What does my stress profile look like? What does stress look like externally (how might others tell)? What does it feel like internally (how might you know)? What do you need when you notice you are stressed?


On the outside is very easy to describe, one of my tells is the fact that my eyes seem to wander around a lot sometimes losing focus of my surroundings. My biggest issue with stress is my eczema around my arms and legs, whenever i feel stress coming, my arms and legs become itchy and i begin to scratch a lot more often. These two things make it easy for others to tell if im stressed.
Internally is a little more difficult to tell, i think when it comes to being stressed inside i start to feel a little bit worried, sad , anxious and insecure.

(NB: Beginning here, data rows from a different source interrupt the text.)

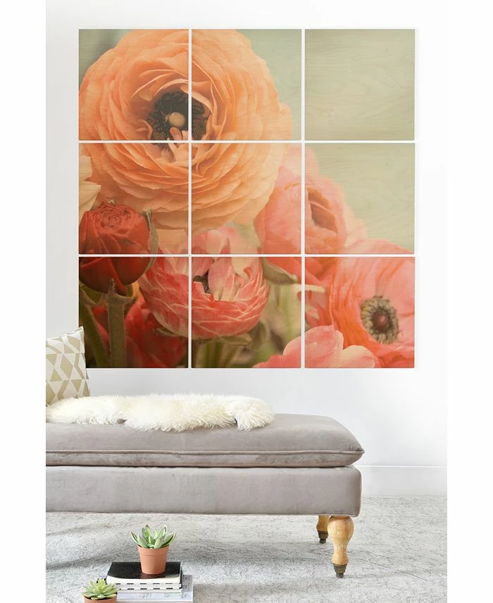 Bring beauty and warmth to your living space with artist Bree Madden’s Spring Ranunculus wall mural by Deny Designs, printed on nine separate wood panels. Hang them together in a grid to create a distinctive wall art piece for a living room, den or bedroom.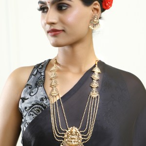 Women Gold Plated Ganpati Temple Pearl Beaded Chain Set Our Gold Plating is long lasting and non-allergic to skin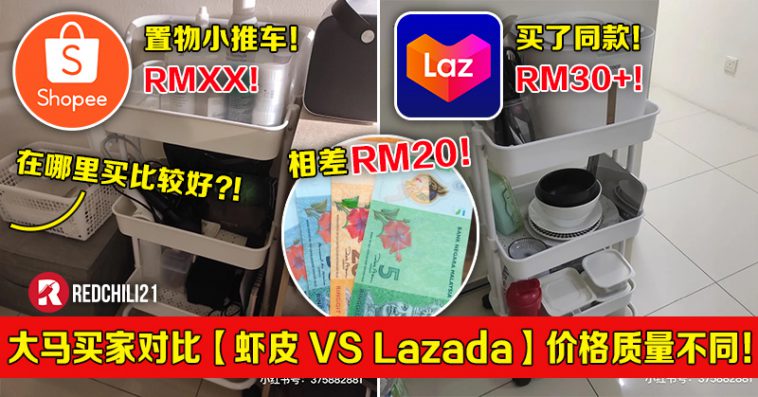 大马买家做对比【Shopee VS Lazada各买同款】置物小推车!价钱相差RM20质量不同!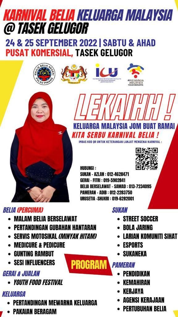 TASEK GELUGOR, PULAU PINANG, 24 & 25 SEPTEMBER 2022 - Karnival Belia Keluarga Malaysia telah berjaya dijalankan selamadua hari, bermula pada 24 sehingga 25 September 2022 yang bertempat di Pusat Komersial, Tasek Gelugor. Pengisian aktiviti dibahagikan kepada beberapa segmen antaranya belia, kesihatan, pameran kerjaya & pendidikan, sukan, gerai dan jualan serta keluarga (pertandingan mewarna keluarga dan pakaian beragam tradisional Malaysia bagi kanak-kanak).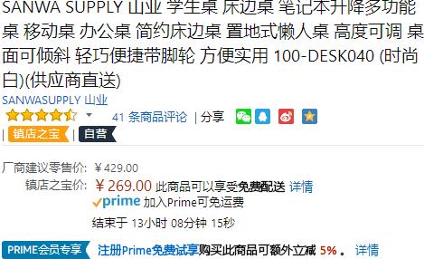 山业笔记本升降多功能桌可升降、可自由移动、可在沙发或床上使用,附带挡板,防止笔记本电脑滑落,边角圆滑,防止磕碰受伤,万向滚轮可随意移动,满足不同场合需求。目前亚马逊Z镇店之宝价269元,领取满199元减30元和银联基础优惠满99元减10元优惠码后下单,实付229元包邮,Prime会员购买此商品可额外立减5%,实付215.55元包邮,近期好价,三色可选。
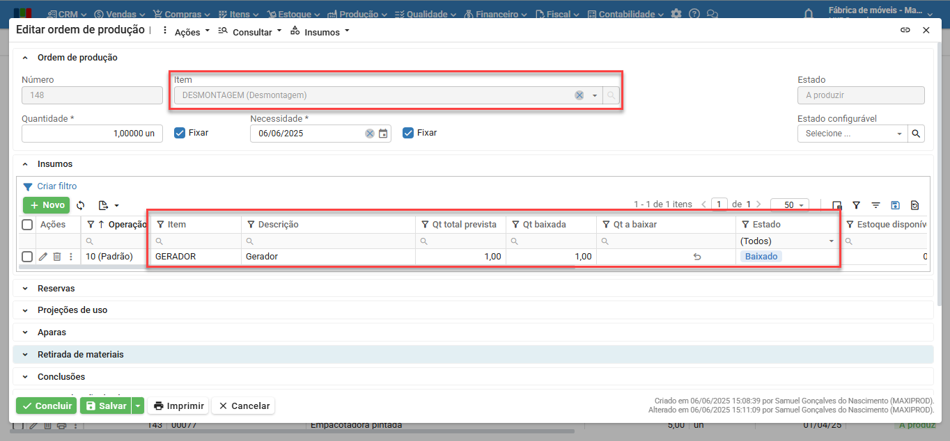 a) No exemplo abaixo, foi criada a OP de desmontagem de um gerador. Ou seja, nossa empresa comprou um gerador para aproveitar as peças. Portanto, como é uma desmontagem completa, o item produto da OP é chamado de “Desmontagem”, e o insumo a ser baixado será o próprio gerador.
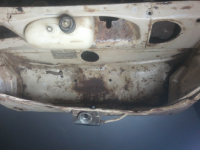 til under baksetet: fjern alt av hår og drit, rust pusser du reint og evt sveiser om da er hol, og so kan du jo mala heile greia med arcanol frå jotun. dette er bedre enn hammarlakk pga att hammarlakk vert steinhardt, og på ein bil av tynnplate vil da vera ein viss fleksing  i platene og du vil på sikt oppleva att hammarlakken sprekker og rust utviklar seg bak.. arcanol er mykje seigare og fleksibel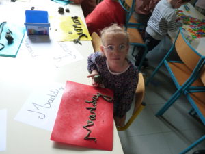 L’après- midi avec les Grands nous travaillons beaucoup la PHONOLOGIE en faisant des petits jeux à l’oral. Nous rions beaucoup!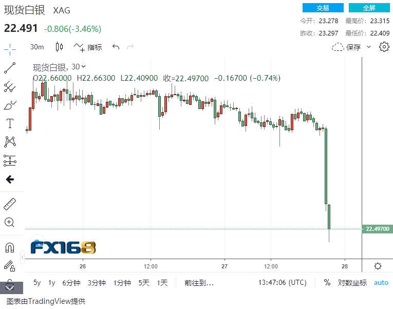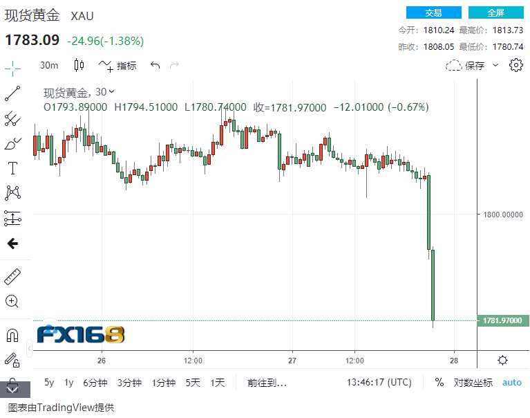 F 周五(11月27日)歐市盤中,香港時(shí)間21時(shí)10分左右,金銀突然遭遇一波殺跌:現(xiàn)貨黃金連續(xù)跌破1800、1790關(guān)口,最低1781.89美元/盎司,逼近1780關(guān)口;現(xiàn)貨白銀跌勢(shì)更為猛烈:最低22.409美元/盎司,跌幅超過(guò)3%……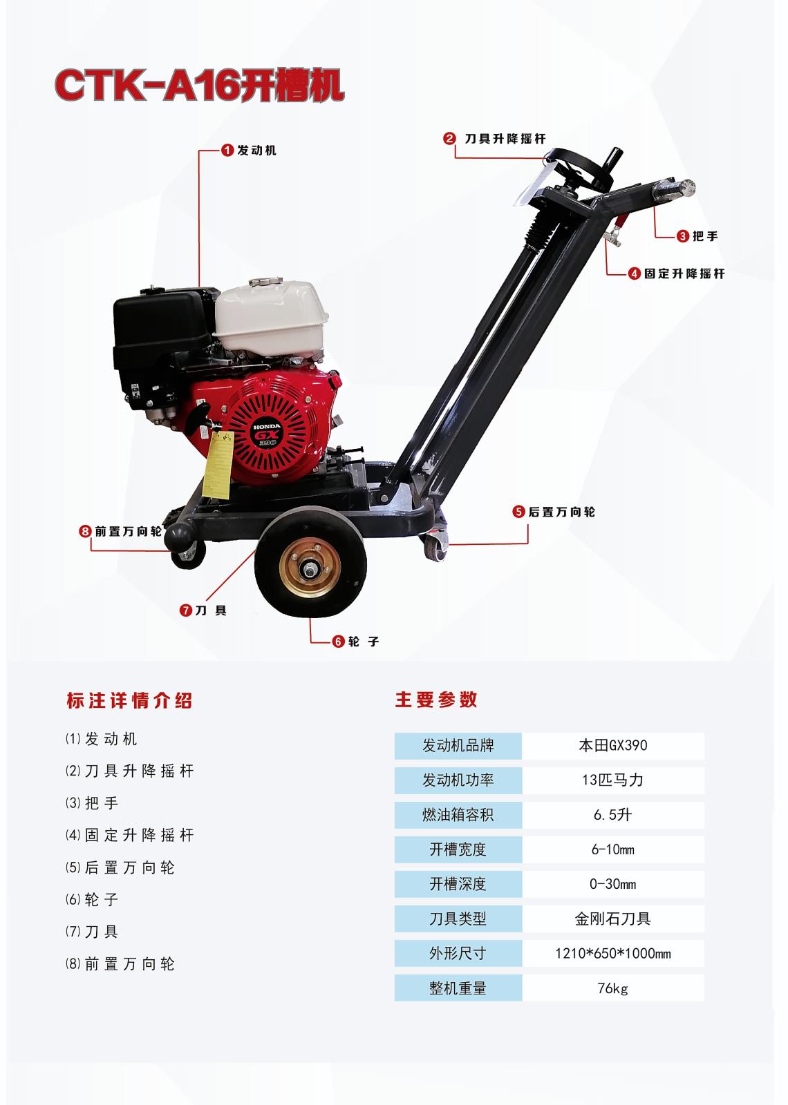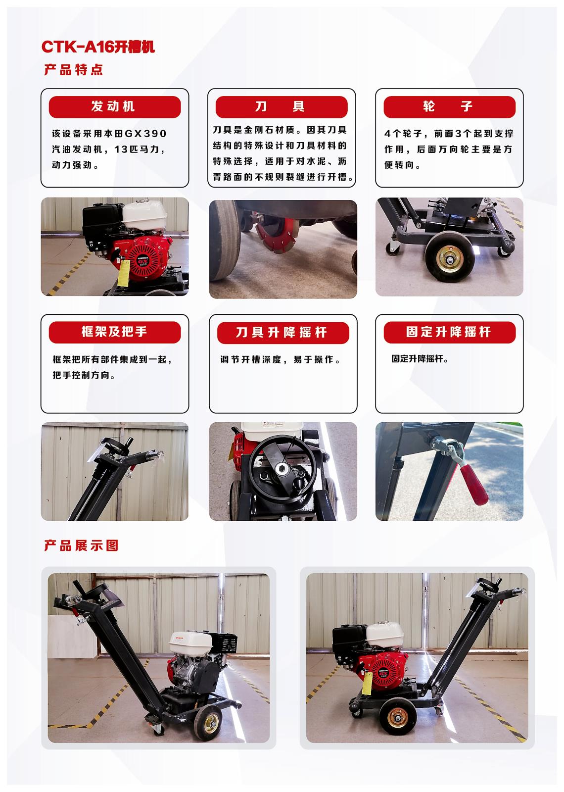 長泰公路在多次施工中總結(jié)經(jīng)驗(yàn),推出了全新版本的A16開槽機(jī),向后拉的行走方式,方便施工人員針對不規(guī)則裂縫進(jìn)行切割、開槽;開槽深度可調(diào)節(jié)0-30mm;全新輪胎設(shè)計(jì),對縫方便,日均施工量可達(dá)5000米。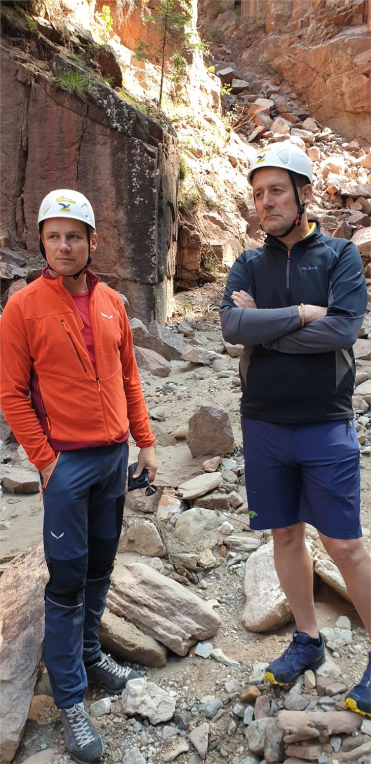 Nel corso della visita l’assessore Bessone ha potuto verificare di persona gli esiti dell’intervento di messa in sicurezza di un costone di porfido del canyon Bletterbach eseguito dai geologi dell’Ufficio geologia e prove materiali a fine giugno. I geologi provinciali eseguono controlli periodici della sicurezza del canyon. Già nel maggio 2018 al costone in questione, che presentava evidenti fessure, erano stati apposti degli estensimetri, apparecchiature apposite per monitorare i movimenti delle rocce. Nei mesi di maggio e giungo di quest’anno i dispositivi avevano evidenziato un’accelerazione esponenziale dello spostamento. A fine giugno l’intervento urgente coordinato dall’Ufficio geologia e prove materiali ha portato al brillamento del versante, programmato ed eseguito dal geologo Giacomo Nardin, e al disgaggio delle rocce pericolanti, effettuato dalla ditta Locher, per circa 200 metri cubi di materiale. In tal modo è stato reso nuovamente sicuro e percorribile ai numerosi visitatori un tratto suggestivo del canyon. Nell’operazione hanno collaborato anche il personale del Geoparc e le guardie forestali nel sorvegliare l’area durante l’intervento e nell’informare gli escursionisti.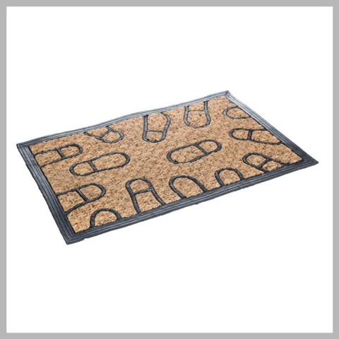 BRILANZ kókusz-gumi szőnyeg 40 x 60 cm 43987111Ez a kókusz-gumi szőnyeg ideális választás cipők tisztítására az általánosan használt épületbejáratokban. A szőnyeg BOOT motívuma praktikus és stílusos megoldást kínál a bejáratokra, miközben hatékonyan tisztítja a cipőket. A szőnyeg karbantartása egyszerű, porszívózással vagy kirázással könnyen tisztítható, így hosszú távon is praktikus megoldás.Jellemzők:✔ Szín: Fekete/barna✔ Anyag: Gumi/kókusz✔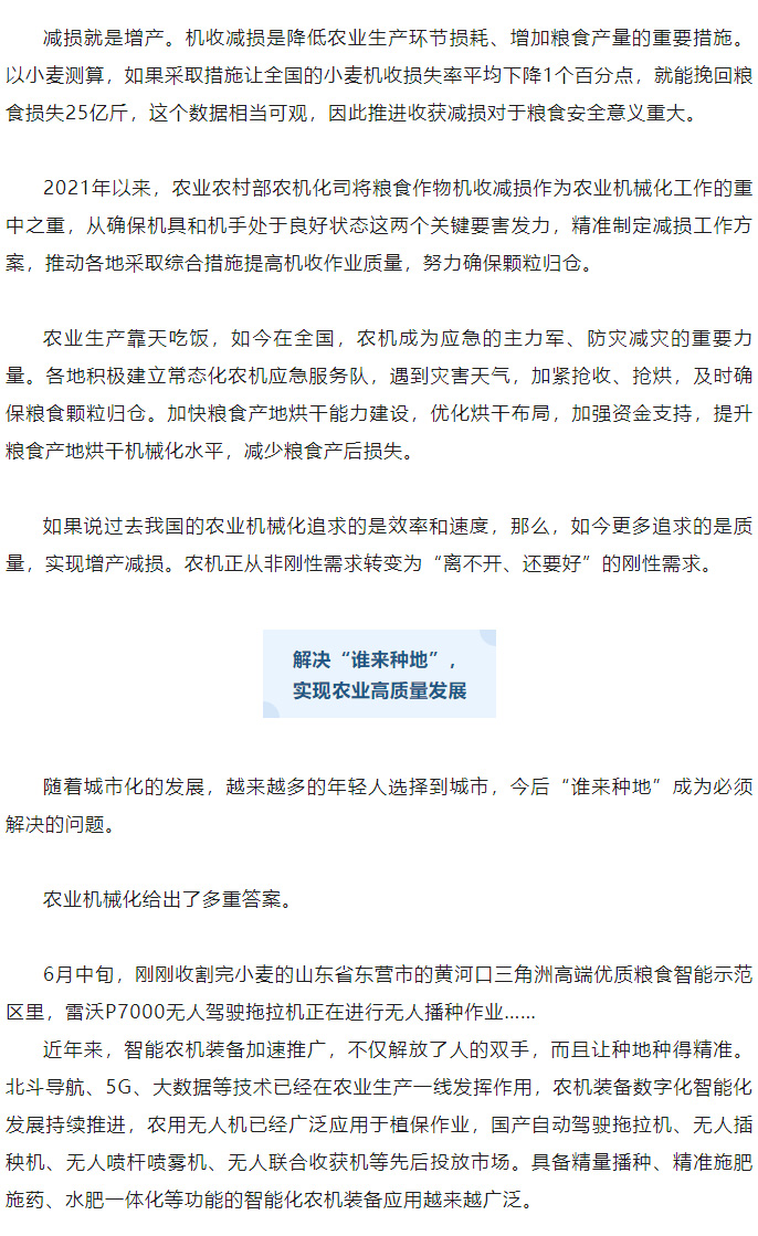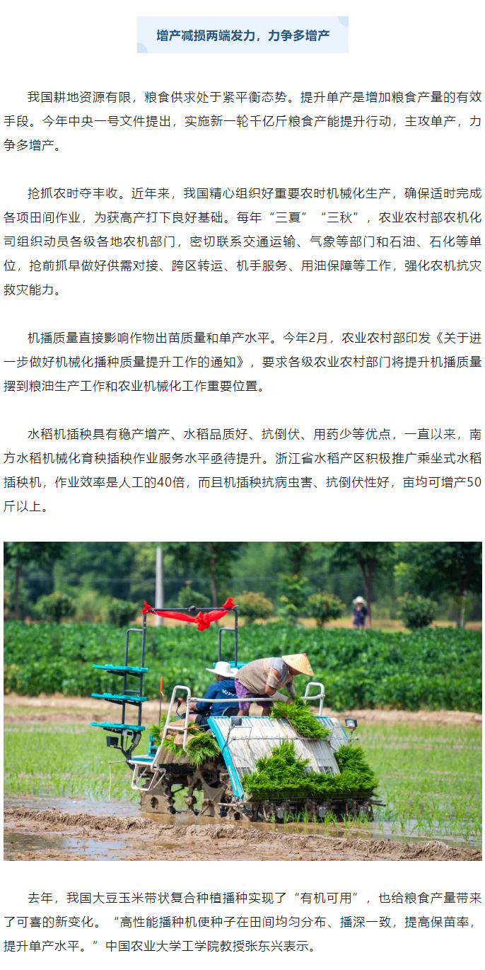 農業機械化為糧食增產保駕護航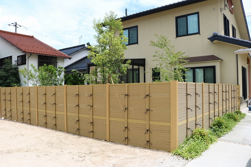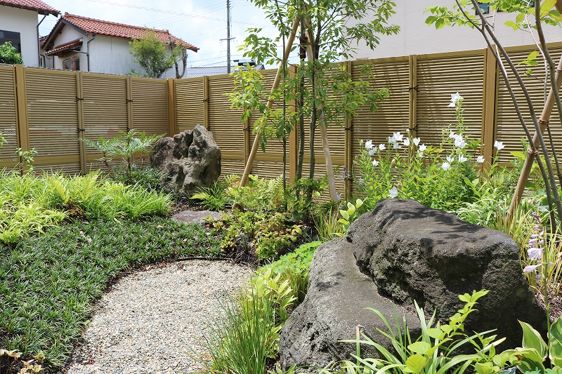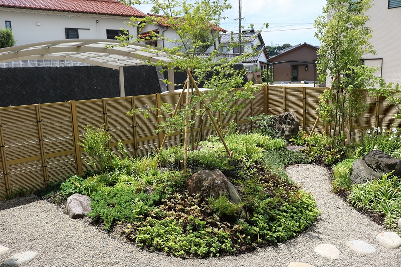 人工竹垣のフェンスをして庭を囲い、プライベート空間で癒やしの庭を楽しめるようにしました。圧迫感のない自然な雰囲気でモダンな里山と和風のMIXしたお庭ができました。
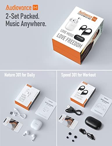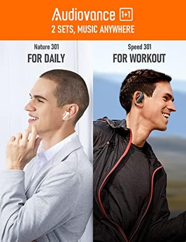 Music Anywhere: There’s not any type of wireless earbuds able to fit all scenarios in your daily life. Then, how about two types? Audiovance SPNT301 provides 2 sets with 2 types of Bluetooth earbuds for you to enjoy music anywhere in daily/working/workout. Furthermore, 2 sets for the expense of 1 set make it a great deal, including Speed 301 and Nature 301.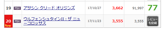 20 PS4 ウルフェンシュタインII:ザ ニューコロッサス 17/11/23 3,555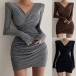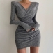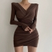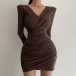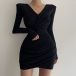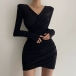 Fashion Solid Color V-neck Ruched Long Sleeve Bodycon Dress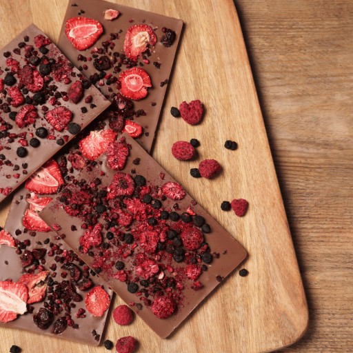 🍫Dla miłośników owoców: Czekolada z liofilizowanymi owocami jest idealna dla tych, którym smak owoców kojarzy się z cennymi składnikami odżywczymi i korzyściami zdrowotnymi.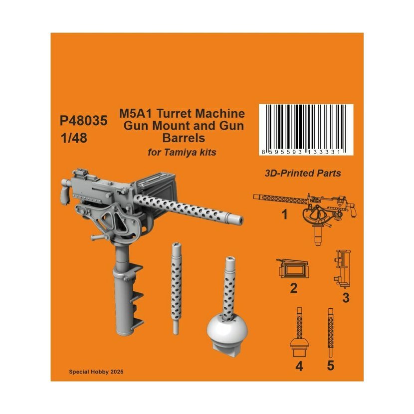 1:48 M5A1 Turret Machine Gun Mount and Gun Barrels /TAM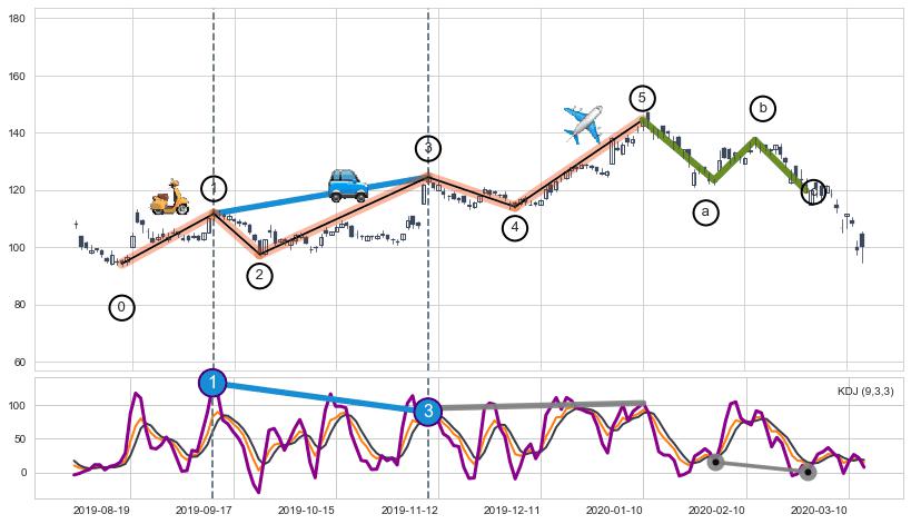 ➣ 1,3,5驱动浪KDJ走势未出现明显背离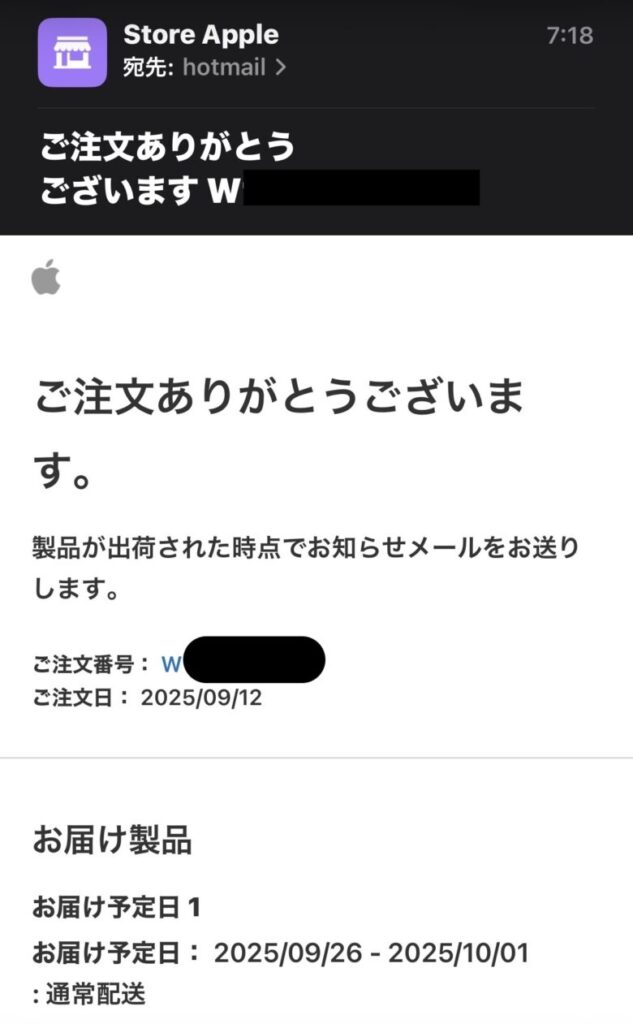 2025/09/16(ご注文ありがとうございますメールが届いた)

I also feel like i struggle to concentrate a little bit as i tend to have whatever is stressing me at the time in my mind popping up very often.
I guess something that might help when i feel stress is the feeling of reassurance, i feel like if i somehow understood that everything is going to be ok then maybe my symptoms of stress might slowly fade away. Hard to tell but i think that when i feel the stress coming , it might help to step away from the work and maybe go outisde for a walk in the sun, i am not sure if this would be effective but i am willing to try it.


What’s a wellbeing experiment I can try over the next few weeks (this doesn’t have to be a grand time consuming gesture, it could be something small like taking a few deep breaths before opening your computer).


One of the things that has been bothering me lately is how tired i feel the first few hours of the day. My plan for the next few weeks is to get up maybe 15 minutes earlier so that i have a shower in the morning in hopes that it might help me wake up and feel better during the morning period.